Upset stressed woman holding cellphone looking shocked with message she received

Sensitivity, Overstimulation, and Creativity

By Ora North, author of The Empath’s Guided Journal

I check my email for the tenth time in an hour.

I scroll through social media, mostly seeing a combination of ads, vacation photos, and vulnerable shares that may or may not lead to a sales pitch.

My phone dings with news notifications and I get lost in outrage and sadness.

I respond to text messages, mostly links to memes or silly videos or questions about the day.

And then I sit down at my computer, staring at a blank page, waiting for words to pour out like the waterfall of wisdom that surely must live inside me.

…or perhaps not. The blank page remains blank.

Day in and day out we inundate ourselves with information, with technology, with mindless entertainment. Our brains were not meant to process data like computers, and yet, we still treat them as if they were. As if we are not fulfilling our duty as a human if we are not fully aware of everything in the world and simultaneously being creative and productive. As if to break down and cry for a day or even an hour would be unacceptable because we would lose productivity. As if we expect the funny video of the golden retriever to somehow take away or make up for the emotions we felt at the video of the dying children before it. But how are we expected to make sense of anything or feel grounded at all when we’re seeing the heartbreaking evidence of genocide, placed neatly next to an ad for magnetic eyelashes, placed neatly next to a meditation retreat in Bali?

No wonder the blank page remains blank. No wonder we become so overstimulated that we lose touch with our ability to make sense of things, to create. And while this is a problem for everyone, it is especially a problem for the sensitive person, the empath, the person with sensory issues, the introvert.

Those who live with an overly sensitive nature must spend a lot of time managing their environment around them and the way they react to that environment. It’s a different sort of system, one that takes in excess information, whether mental or emotional, too deeply and too often. It is not necessarily a bad thing or a shortcoming, but simply a different way of operating. One of the core truths of the sensitive folks is that they are our creatives. They feel things differently and through their unique systems, give birth to ideas, works of art, inventions, and gifts from whatever realm of genius they reside in. But in order to be able to do that, their systems need to be regulated. When constantly overstimulated by excess information and the expectations and demands accompanying it, the sensitive mind all too often puts itself into a management mode rather than a creation mode. Every ounce of energy is spent trying to process correctly, react correctly, consume and produce correctly—and all of those exhausting tasks leave no energy left for the state of flow and stillness required to create. It’s like having a mind that is so loud with the thoughts of others that it completely drowns out your own.

Once we lose the ability to hear our own minds, disconnection and resentment naturally follow, only increasing our malcontent in our inability to be creative, as well as our dependence on stimulating ourselves with even more information. In fact, this is exactly what ‘doom scrolling’ is. We scroll because we cannot hear our own thoughts. We scroll because we are scared of the thoughts we will not make space for. We scroll because it numbs our pain. Sometimes we even scroll to keep ourselves in a fixed place of rage or hatred that keeps us from going deeper.

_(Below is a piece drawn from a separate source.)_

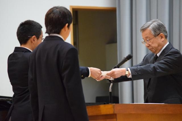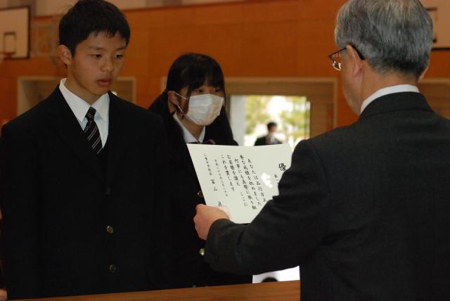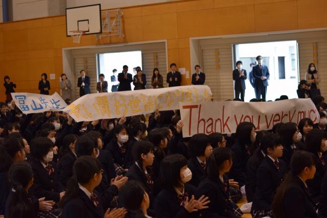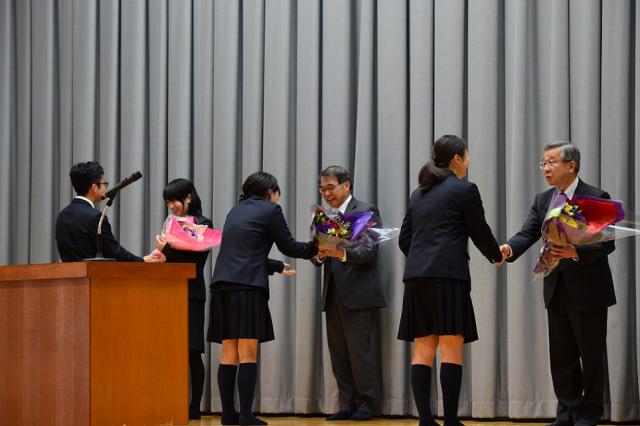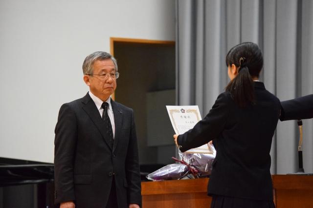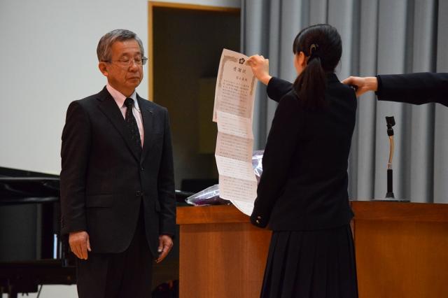 平成27年3月20日(金),3学期終業式が,冨山校長先生の訓示から始まりました。先輩のエピソードから建学の精神を体現することの重み教えていただき,最後の訓示となりました。その後,離任式も終わったところで,生徒会によるサプライズ表彰式が行われ,生徒会長から校長先生に長文にわたる感謝状(写真参照)が贈られました。会場には横断幕も出て,私たち生徒,教職員の記憶の残る離任式となりました。

We need to know our own pain, though. Especially as sensitive creatures. We need to feel what we feel, once all of the distraction and the external voices fade away. It is through that pain that we also know our own joy, and it is through both our pain and joy that we create. Not produce, but create. To know the stillness of our own souls nestled within the love and the rage swirling about it, and make it manifest.

Sensitive souls, keep yourselves aware, of course. Commit whatever actions of aid you can. But try scheduling time away from all of the excess information. Let yourself become more aware of the absurdity of what you see as you scroll, the contrast in values flashing through your brains, inevitably creating nasty cases of cognitive dissonance. Disconnect from that world, and reconnect to the natural world. Approach your mind as if it is organic matter rather than a piece of technology expected to perform, as if it is a wild animal you must coax into safety by learning its ways. Creativity itself is often like a wild animal, needing the right environment and an abundance of respect in order for it to feel safe enough to be itself. Give that animal quiet and stillness, away from the overabundance of modern noise. Let your system return to one of creation and regulation rather than one of management, reaction, and dysregulation. You may be surprised to see how you feel, and what beauty and wisdom is ready to express itself.

Ora North is a spiritual teacher, witch, and mental health advocate. While very involved in the spiritual community, North does not subscribe to the “love and light” or “good vibes only” mentality that can often whitewash or bypass the very real struggles of the marginalized. Because of this, her focus is on shadow work, and promoting the acceptance and validation of all of our feelings—not just the positive ones—as tools for growth. She is author of I Don’t Want to Be an Empath Anymore and Mood Magick.